▶ _DESCRIPTION OF THE TASK_
Produce a verbatim copy of the records, and keep the images out of it.

--- SOURCE DATA ---

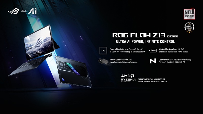 ASUS Republic of Gamers (ROG) memperkenalkan ROG Flow Z13 (2025), tablet gaming paling powerful di dunia, ke pasar Indonesia. Tak hanya menjadi perangkat inovatif, ROG Flow Z13 (2025) juga mencatat prestasi sebagai tablet gaming pertama yang ditenagai oleh prosesor AMD Ryzen™ AI Max+ 395. Perangkat ini bahkan telah terjual habis selama sesi pre-order sejak 19 Februari 2025, membuktikan antusiasme besar dari para gamers.
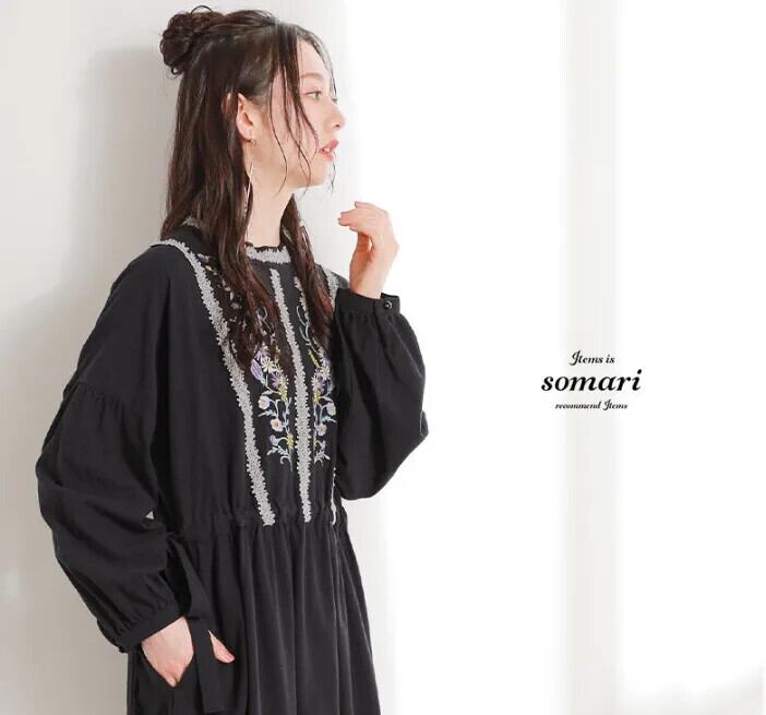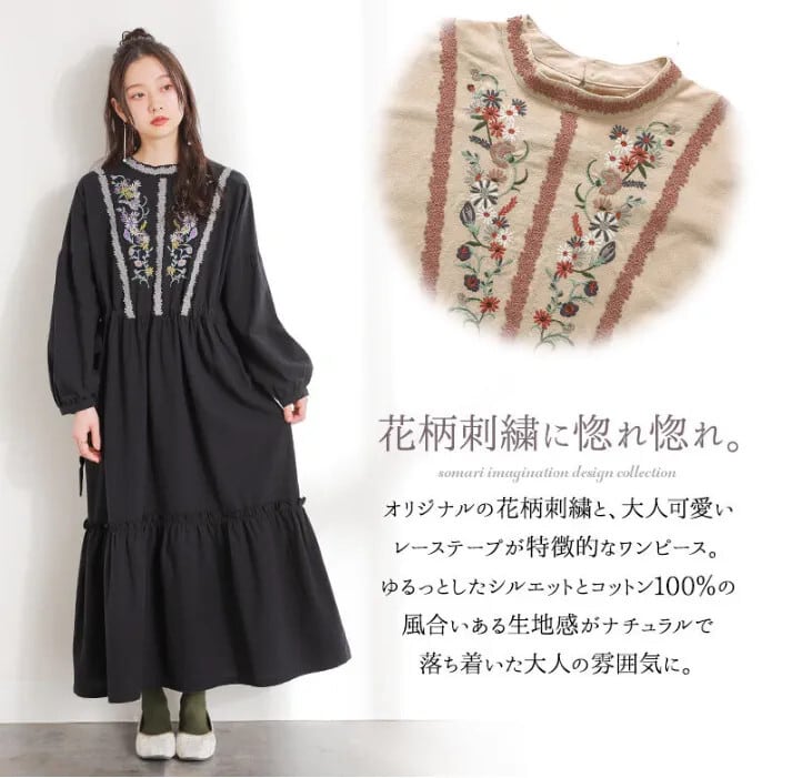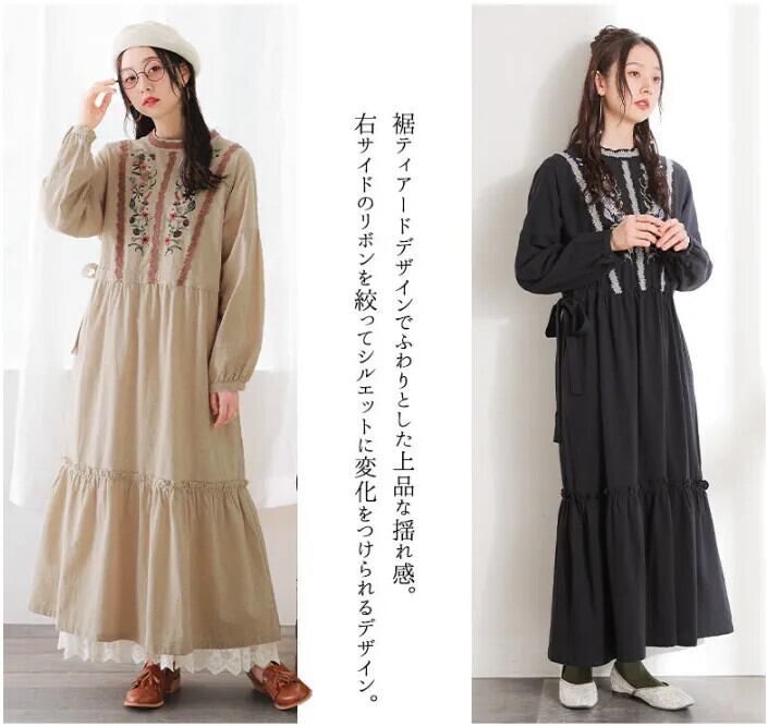 越境 ese ロッテ 2023 秋冬新しいレトロ刺繍カジュアル長袖綿麻ドレス ロング レッド コットン オータム 秋物 ウィンター 冬物 cat849504268118
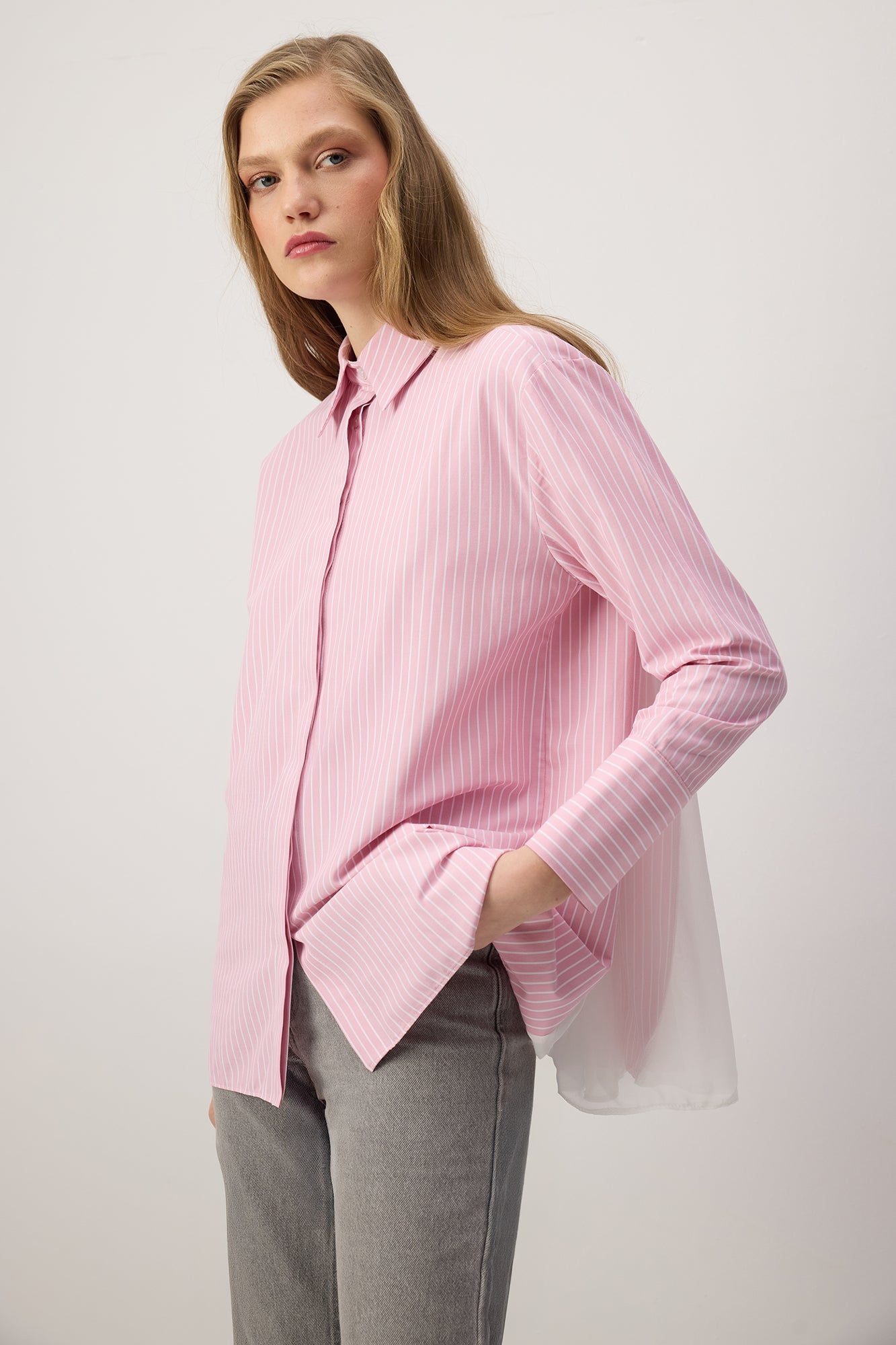 OVERSIZED STRIPED SHIRT WITH SHIFON DETAILS
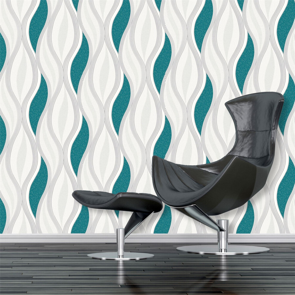Teal Green Waves Silver White Glitter Textured Vinyl Feature Wallpaper
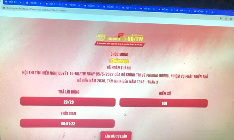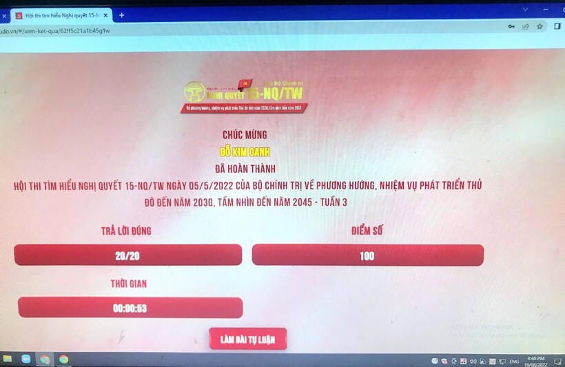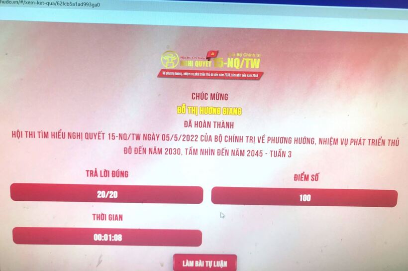 100% cán bộ giáo viên nhân viên nhà trường đã tham gia Cuộc thi tìm hiểu Nghị quyết 15-NQ/TW của Bộ Chính trị. Trong 3 tuần đầu, CBGVNV đã tham gia với con số ấn tượng 167 lượt thi. Số lượng CBGVNV đạt 20/20 điểm thi trắc nghiệm là 100%. Đặc biệt có đ/c Đỗ Kim Oanh đạt nhiều lượt 20/20 điểm với thời gian chưa đến 01 phút.
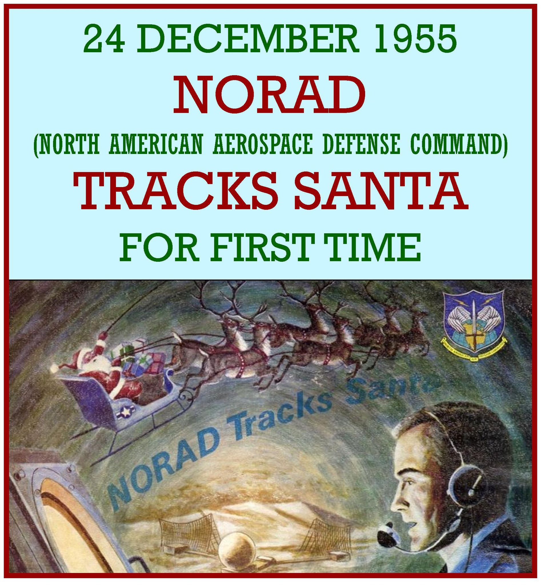 1955 â NORAD Tracks Santa for the first time in what will become an annual Christmas Eve tradition. The program began in 1955, when a Sears department store placed an advertisement in a Colorado Springs newspaper which told children that they could telephone Santa Claus and included a number for them to call. However, the telephone number printed was misprinted and calls instead came through to Colorado Springsâ Continental Air Defense Command (CONAD) Center. Colonel Harry Shoup, who was on duty that night, told his staff to give all children who called in a âcurrent locationâ for Santa Claus. A tradition began which continued when the North American Aerospace Defense Command (NORAD) replaced CONAD in 1958. Today, NORAD relies on volunteers to make the program possible. Each volunteer handles about forty telephone calls per hour, and the team typically handles more than 12,000 e-mails and more than 70,000 telephone calls from more than two hundred countries and territories. Most of these contacts happen during the twenty-five hours from 2 a.m. on December 24 until 3 a.m. MST on December 25. Volunteers include NORAD military and civilian personnel.
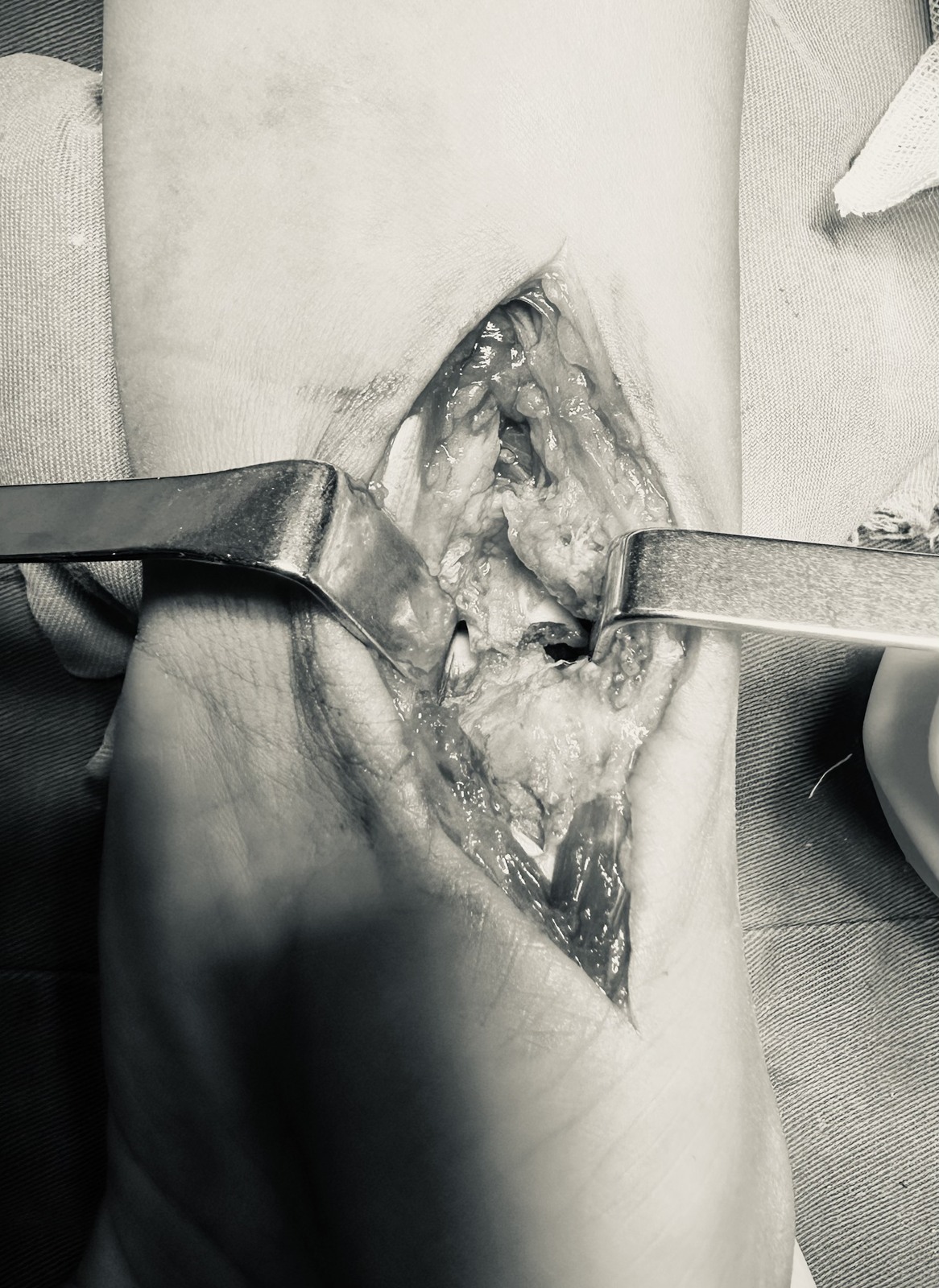 4)找到舟大多角关节,插入剥离子,显露舟骨远极,在舟骨远极关节囊切口的远端横向切开关节囊。(舟骨腰部位于桡侧腕屈肌腱和近侧腕横纹的交叉处)。
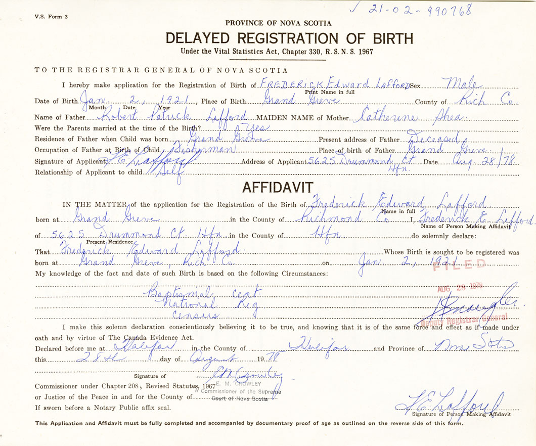 I hereby make application for the Registration of Birth of Frederick EdwardLafford Sex Male

---

▶ _SOLUTION TO THIS EXERCISE_
 ASUS Republic of Gamers (ROG) memperkenalkan ROG Flow Z13 (2025), tablet gaming paling powerful di dunia, ke pasar Indonesia. Tak hanya menjadi perangkat inovatif, ROG Flow Z13 (2025) juga mencatat prestasi sebagai tablet gaming pertama yang ditenagai oleh prosesor AMD Ryzen™ AI Max+ 395. Perangkat ini bahkan telah terjual habis selama sesi pre-order sejak 19 Februari 2025, membuktikan antusiasme besar dari para gamers.
 越境 ese ロッテ 2023 秋冬新しいレトロ刺繍カジュアル長袖綿麻ドレス ロング レッド コットン オータム 秋物 ウィンター 冬物 cat849504268118
 OVERSIZED STRIPED SHIRT WITH SHIFON DETAILS
Teal Green Waves Silver White Glitter Textured Vinyl Feature Wallpaper
 100% cán bộ giáo viên nhân viên nhà trường đã tham gia Cuộc thi tìm hiểu Nghị quyết 15-NQ/TW của Bộ Chính trị. Trong 3 tuần đầu, CBGVNV đã tham gia với con số ấn tượng 167 lượt thi. Số lượng CBGVNV đạt 20/20 điểm thi trắc nghiệm là 100%. Đặc biệt có đ/c Đỗ Kim Oanh đạt nhiều lượt 20/20 điểm với thời gian chưa đến 01 phút.
 1955 â NORAD Tracks Santa for the first time in what will become an annual Christmas Eve tradition. The program began in 1955, when a Sears department store placed an advertisement in a Colorado Springs newspaper which told children that they could telephone Santa Claus and included a number for them to call. However, the telephone number printed was misprinted and calls instead came through to Colorado Springsâ Continental Air Defense Command (CONAD) Center. Colonel Harry Shoup, who was on duty that night, told his staff to give all children who called in a âcurrent locationâ for Santa Claus. A tradition began which continued when the North American Aerospace Defense Command (NORAD) replaced CONAD in 1958. Today, NORAD relies on volunteers to make the program possible. Each volunteer handles about forty telephone calls per hour, and the team typically handles more than 12,000 e-mails and more than 70,000 telephone calls from more than two hundred countries and territories. Most of these contacts happen during the twenty-five hours from 2 a.m. on December 24 until 3 a.m. MST on December 25. Volunteers include NORAD military and civilian personnel.
 4)找到舟大多角关节,插入剥离子,显露舟骨远极,在舟骨远极关节囊切口的远端横向切开关节囊。(舟骨腰部位于桡侧腕屈肌腱和近侧腕横纹的交叉处)。
 I hereby make application for the Registration of Birth of Frederick EdwardLafford Sex Male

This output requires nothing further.